▶ ACTION ITEM:
Retype the data that follows exactly. No pictures belong in the copy.

▶ EXCERPTED RECORDS:
=-=-=
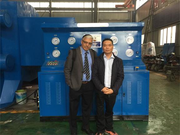 近日,印度(IVC)閥門公司INDIAN VALVE PVT.LTD總裁Mukherjee先生親自來浙江優(yōu)機機械科技有限公司驗收1月份定制的蝶閥、球閥試驗臺,這次訂購的設備是優(yōu)機公司國家專利產品:ZL 2014 2 0194312.6,液壓系統(tǒng)合理節(jié)能,操作人性化設計,是1月份該閥門公司技術部經理Tomy 先生來中國實地考察各大廠家生產工藝及企業(yè)資質后精心篩選確定下來的采購設備,這次采購的設備是代替IVC公司原有老式閥門測試臺主要水壓和氣壓試驗16”-32”的蝶閥和球閥。
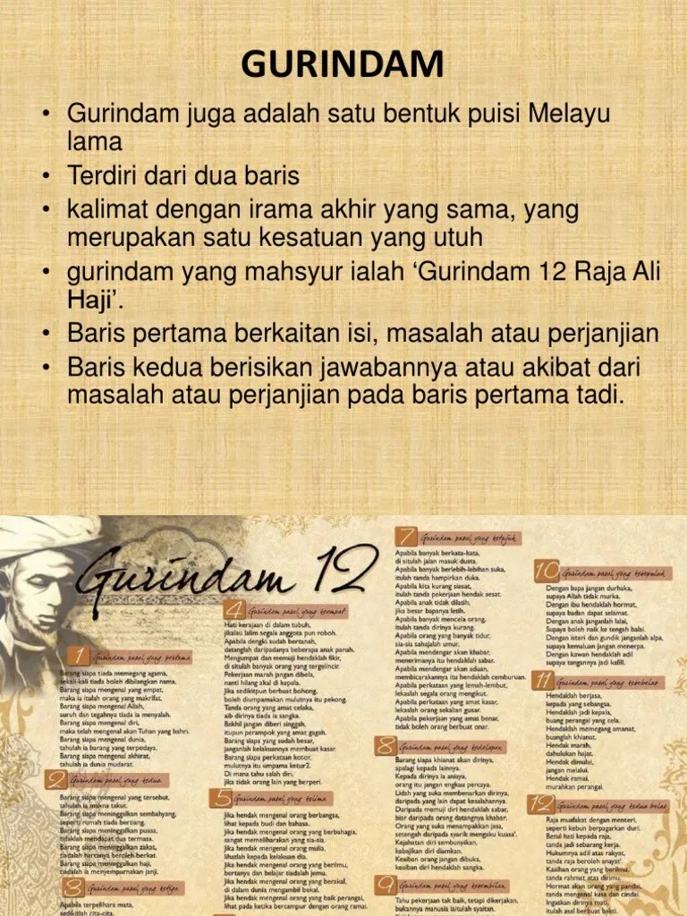 Pasti akan disiksa di akhirat. Dadanya berbentuk lebar dan bidang 3. Gurindam adalah puisi lama (melayu) yang sangat penting sebagai warisan budaya. Ajukan pertanyaan tentang tugas sekolahmu. Gurindam memiliki dua buah baris pada setiap baitnya.
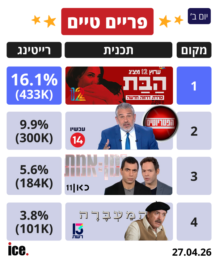 3.מעל כולם נמצא זירת נפילהמפרגן 04/2026/28הגב לתגובה זו0 0איפה ערוץ i24 לא נמדדסגור
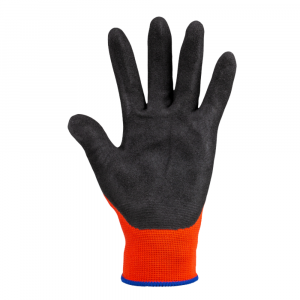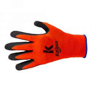 Luva de Segurança Tamnaho 8 Foam Kalipso confeccionada em Poliéster e Elastano com banho em espuma de borracha nitrílica Tipo Sand (Partículas de Areia) na palma e extremidade dos dedos, oferecendo excelente aderência. Punho elástico e acabamento em overloque com propriedade eletrostática.
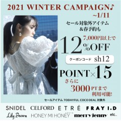 【 HAPPY WINTER CAMPAIGN START 】人気ブランドの 秋冬新作 & 予約 が8,000円以上購入で ★11%OFF&さらに3000ポイントまで利用可能★
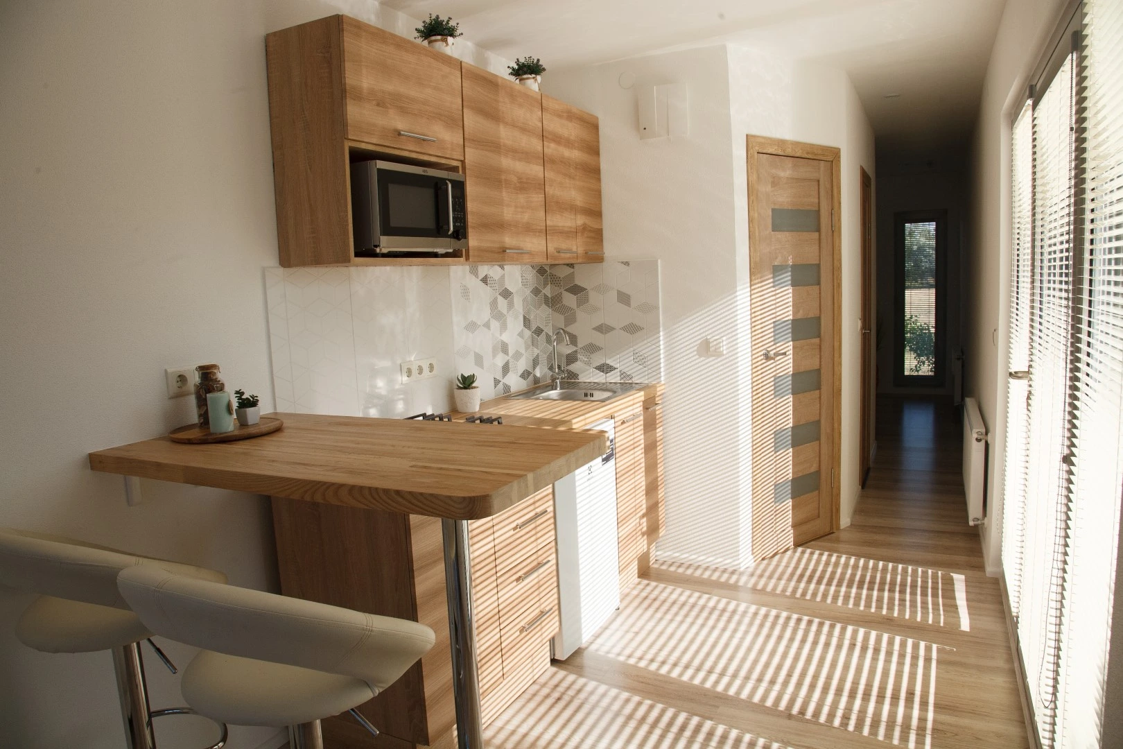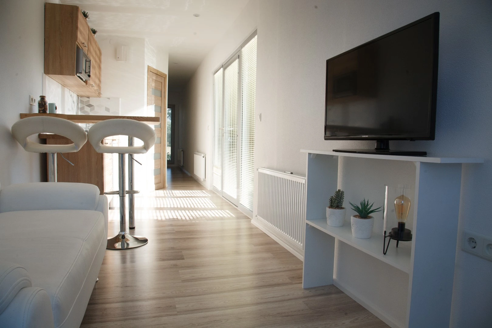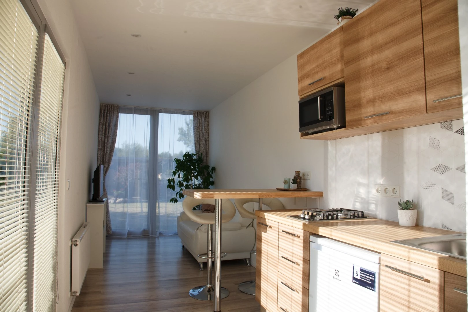 Well... we think that You could never imagine that this fully finished interior is in that conatiner house. But Yes, studio type living room with fully equiped kitchen, technical room, bathroom, hallway and bedroom and sauna unit. You can have it like it is!
=-=-=
▶ SOLUTION FOR THIS TASK:
 近日,印度(IVC)閥門公司INDIAN VALVE PVT.LTD總裁Mukherjee先生親自來浙江優(yōu)機機械科技有限公司驗收1月份定制的蝶閥、球閥試驗臺,這次訂購的設備是優(yōu)機公司國家專利產品:ZL 2014 2 0194312.6,液壓系統(tǒng)合理節(jié)能,操作人性化設計,是1月份該閥門公司技術部經理Tomy 先生來中國實地考察各大廠家生產工藝及企業(yè)資質后精心篩選確定下來的采購設備,這次采購的設備是代替IVC公司原有老式閥門測試臺主要水壓和氣壓試驗16”-32”的蝶閥和球閥。
 Pasti akan disiksa di akhirat. Dadanya berbentuk lebar dan bidang 3. Gurindam adalah puisi lama (melayu) yang sangat penting sebagai warisan budaya. Ajukan pertanyaan tentang tugas sekolahmu. Gurindam memiliki dua buah baris pada setiap baitnya.
 3.מעל כולם נמצא זירת נפילהמפרגן 04/2026/28הגב לתגובה זו0 0איפה ערוץ i24 לא נמדדסגור
 Luva de Segurança Tamnaho 8 Foam Kalipso confeccionada em Poliéster e Elastano com banho em espuma de borracha nitrílica Tipo Sand (Partículas de Areia) na palma e extremidade dos dedos, oferecendo excelente aderência. Punho elástico e acabamento em overloque com propriedade eletrostática.
 【 HAPPY WINTER CAMPAIGN START 】人気ブランドの 秋冬新作 & 予約 が8,000円以上購入で ★11%OFF&さらに3000ポイントまで利用可能★
 Well... we think that You could never imagine that this fully finished interior is in that conatiner house. But Yes, studio type living room with fully equiped kitchen, technical room, bathroom, hallway and bedroom and sauna unit. You can have it like it is!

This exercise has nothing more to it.